Organisms are continuously exposed to reactive chemicals capable of causing oxidative stress and cellular damage. Antioxidant enzymes, such as superoxide dismutases (SODs) and catalases, are present in both prokaryotes and eukaryotes and provide an important means of neutralizing such oxidants. Studies in cnidarians have previously documented the occurrence of antioxidant enzymes (transcript expression, protein expression and/or enzymatic activity), but most of these studies have not been conducted in species with sequenced genomes or included phylogenetic analyses, making it difficult to compare results across species due to uncertainties in the relationships between genes.

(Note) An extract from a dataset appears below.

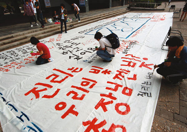 서울대 법인화에 반대하는 서울대생 100여 명이 5월 30일부터 총장실이 자리한 본관을 점거하고 농성 중이다. 대학본부 복도에 앉아 책을 읽고 총장실에서 공부하는 ‘비폭력 공부 시위’라고 한다. “본관을 비우면 대화하겠다”고 오연천…
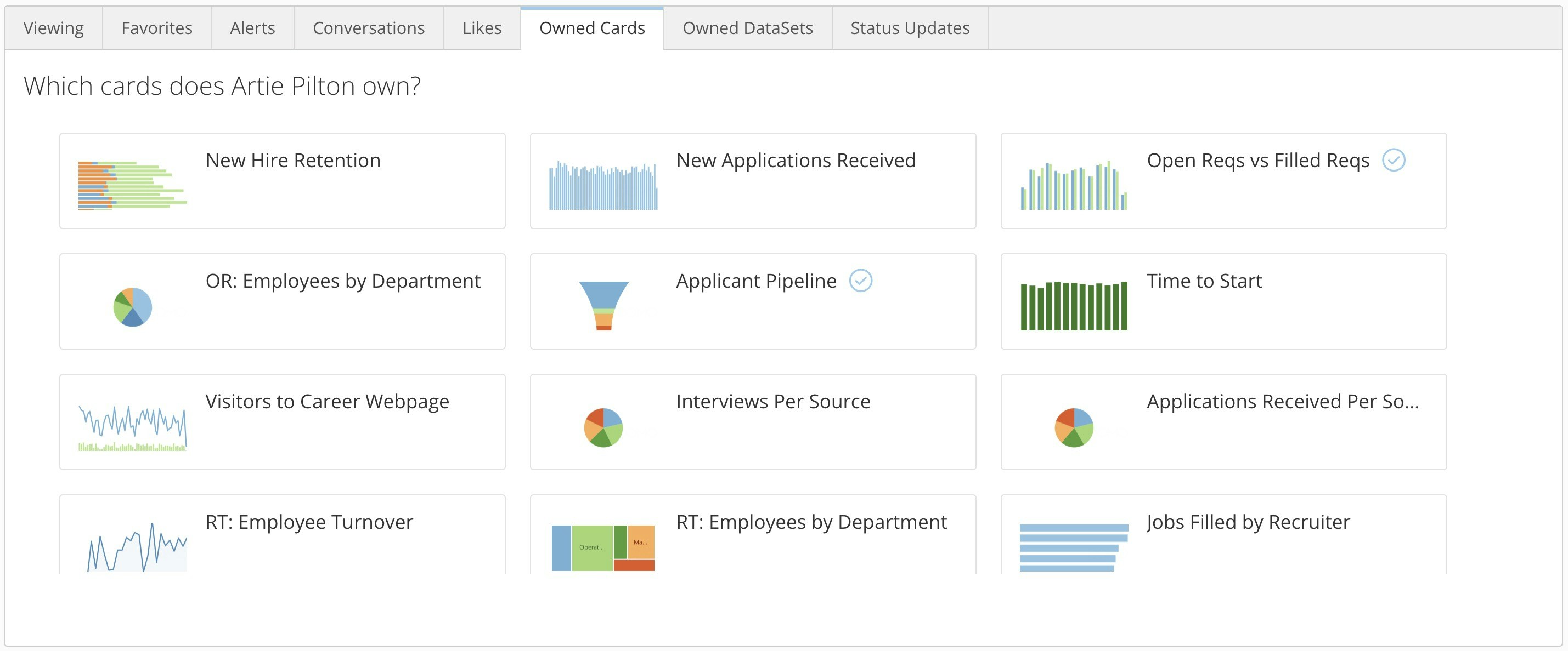 In the Likes tab, you can see all of a user’s “liked” Buzz conversations (that is, initial posts in Buzz), Buzz comments, photos, status updates, and tasks. Each “liked” item appears in its own card. For any item, you can hover over the thumbs-up icon to see which users have liked the item or click it to like it yourself. Learn more about tasks and status updates.Owned Cards

Through searches of the genome of the sea anemone Nematostella vectensis Stephenson, one catalase gene and six SOD family members were identified, including three copper/zinc-containing SODs (CuZnSODs), two manganese-containing SODs (MnSODs) and one copper chaperone of SOD (CCS). In 24 h acute toxicity tests, juvenile N. vectensis showed enhanced sensitivity to combinations of ultraviolet radiation (UV) and polycyclic aromatic hydrocarbons (PAHs, specifically pyrene, benzo[a]pyrene and fluoranthene) relative to either stressor alone. Adult N. vectensis exhibited little or no mortality following UV, benzo[a]pyrene or crude oil exposure but exhibited changes in gene expression. Antioxidant enzyme transcripts were both upregulated and downregulated following UV and/or chemical exposure. Expression patterns were most strongly affected by UV exposure but varied between experiments, suggesting that responses vary according to the intensity and duration of exposure. These experiments provide a basis for comparison with other cnidarian taxa and for further studies of the oxidative stress response in N. vectensis.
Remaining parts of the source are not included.